RHEL Troubleshooting on AWS¶

Common issues and solutions when using Kryden STIG-aligned RHEL AMIs on AWS.

SSH Connection Issues¶

Cannot Connect via SSH¶

Symptoms: Connection timeout or refused

Possible Causes:

Security Group - Ensure port 22 is open from your IP
Network ACL - Check VPC network ACLs allow SSH
Instance not running - Verify instance state in EC2 console

Solutions:

# Verify security group allows your IP
aws ec2 describe-security-groups --group-ids sg-xxxxx

# Check instance status
aws ec2 describe-instance-status --instance-ids i-xxxxx

Permission Denied (publickey)¶

Symptoms: Permission denied (publickey) error

Possible Causes:

Wrong SSH key
Wrong username (must use ec2-user)
Incorrect key permissions

Solutions:

# Ensure correct permissions on your key
chmod 600 /path/to/your-key.pem

# Connect with verbose output
ssh -v -i /path/to/your-key.pem ec2-user@<ip>

Boot Issues¶

Instance Stuck Waiting for Devices (NVMe/Xen Mismatch)¶

Symptoms:

Instance never passes status checks
System log shows: A start job is running for dev-nvme0n1p2.device
System log shows: Timed out waiting for device dev-nvme0n1p2.device

Cause:

You launched the AMI on a Xen-based instance type (t2, m4, c4, r4). These AMIs require Nitro-based instances (t3, m5, c5, r5, etc.).
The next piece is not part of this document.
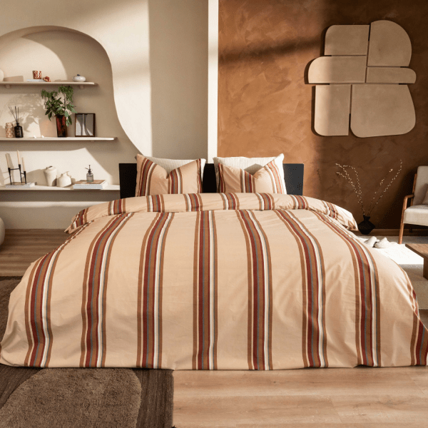 Dekbedovertrek Agui is een Yarn Dyed dessin. Dit betekent dat de garens worden geverfd alvorens het weven. Hierdoor is het dessin voller van kleur en blijft de kleur extra lang mooi! Het dessin krijgt diepte door de gekleurde garens en heeft een unieke strakke streep met funky kleurtjes.
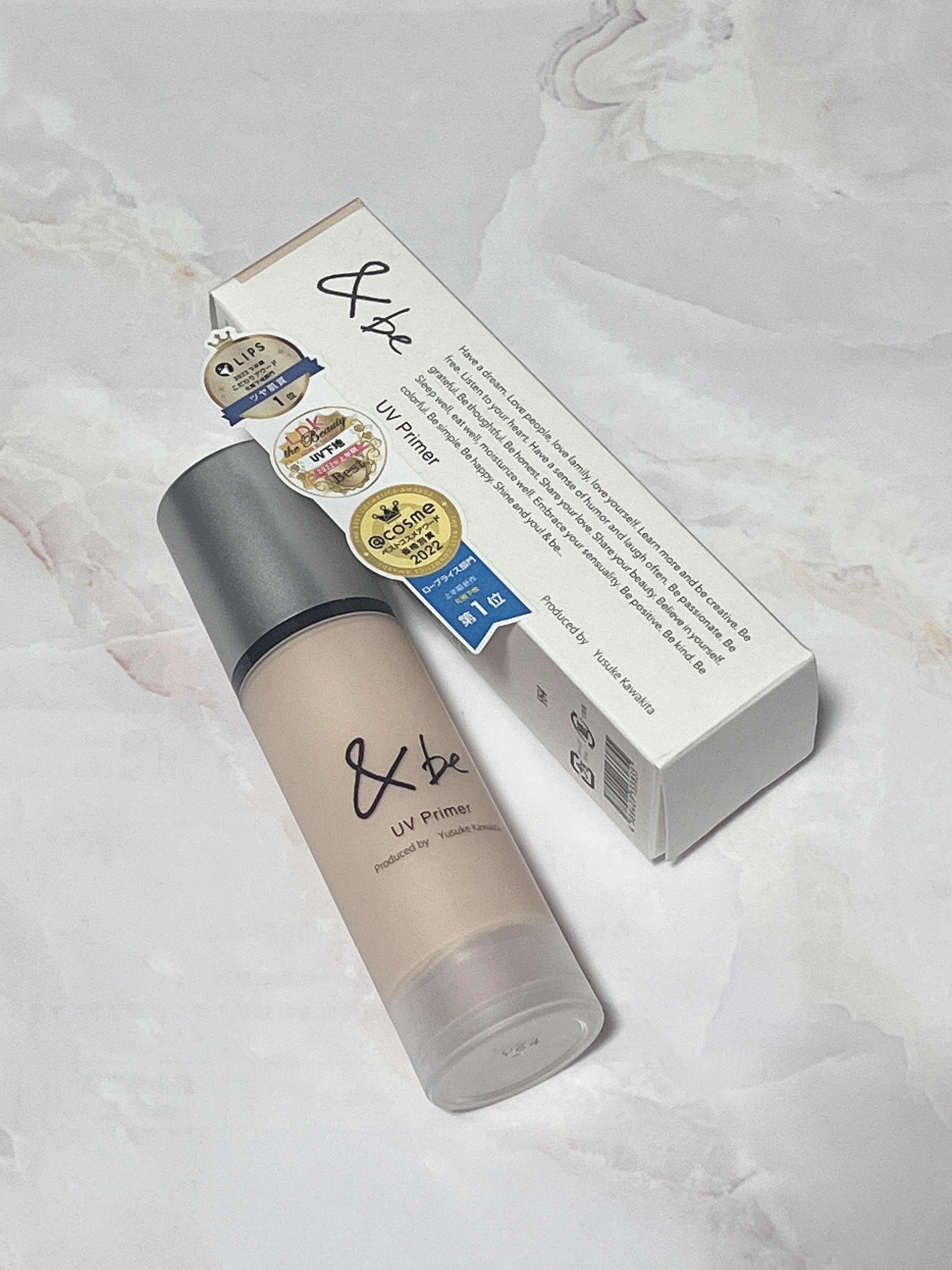 最近ノーファンデをはじめたお友達の肌がすごくキレイで。日焼け止めとか何使ってるのか聞いたらこれだよって教えてくれたので、さっそく私も使い始めました♡ &be(アンドビー)「UVプライマー」下地なんだけど、カバー力が高めでとにかくツヤがキレイ。肌にみずみずしい透明感を与える微細パールが高配合されてるんだそう。 SPF50+・PA++++と高い紫外線カット効果をノンケミカル処方で実現。鉱物油、紫外線吸収剤、石油系界面活性剤、タール系色素、合成香料不使用のフリー処方で、石鹸オフできるのも嬉しいポイント。

The AMI is built with NVMe storage drivers. Nitro instances present storage as /dev/nvme* devices, while Xen instances use /dev/xvd* devices. When launched on Xen, the expected NVMe devices don't exist, causing the boot to hang.

Solution:

Terminate the stuck instance
Launch a new instance using a Nitro-based instance type:
- t3.micro, t3.small, t3.medium (burstable)
- m5.large, m5.xlarge (general purpose)
- c5.large, c5.xlarge (compute optimized)
See Supported Instance Types for the full list

How to Identify Instance Type

In the system log, look for Hypervisor detected::

Hypervisor detected: Xen HVM → Wrong instance type (Xen-based)
Hypervisor detected: KVM → Correct instance type (Nitro-based)

Instance Fails to Start¶

Check System Logs:

EC2 Console → Select Instance → Actions → Monitor and troubleshoot → Get system log

Common Issues:

Wrong instance type - See "Instance Stuck Waiting for Devices" above
Disk full - Check EBS volume size
Kernel panic - May need to launch from snapshot

Cloud-init Failures¶

Check cloud-init logs:

sudo cat /var/log/cloud-init-output.log
sudo cat /var/log/cloud-init.log

Service Issues¶

Service Won't Start¶

# Check service status
sudo systemctl status <service>

# View service logs
sudo journalctl -u <service> -n 50

# Check SELinux denials
sudo ausearch -m AVC -ts recent | grep <service>

SELinux Blocking Application¶

# Find the denial
sudo ausearch -m AVC -ts recent

# Generate a policy module (if appropriate)
sudo ausearch -m AVC -ts recent | audit2allow -M myapp
sudo semodule -i myapp.pp

Warning

Only create custom SELinux policies if you understand the security implications.

AWS-Specific Issues¶

Instance Metadata Service¶

If applications cannot access instance metadata:

# Check IMDSv2 token
TOKEN=$(curl -X PUT "http://169.254.169.254/latest/api/token" -H "X-aws-ec2-metadata-token-ttl-seconds: 21600")
curl -H "X-aws-ec2-metadata-token: $TOKEN" http://169.254.169.254/latest/meta-data/

EBS Volume Issues¶

# Check disk space
df -h

# List block devices
lsblk

# Check for filesystem errors (requires unmount for non-root)
# On Nitro instances, devices are /dev/nvme*
sudo xfs_repair -n /dev/nvme1n1p1

Device Names on Nitro

On Nitro-based instances, EBS volumes appear as NVMe devices:

Root volume: /dev/nvme0n1
Additional volumes: /dev/nvme1n1, /dev/nvme2n1, etc.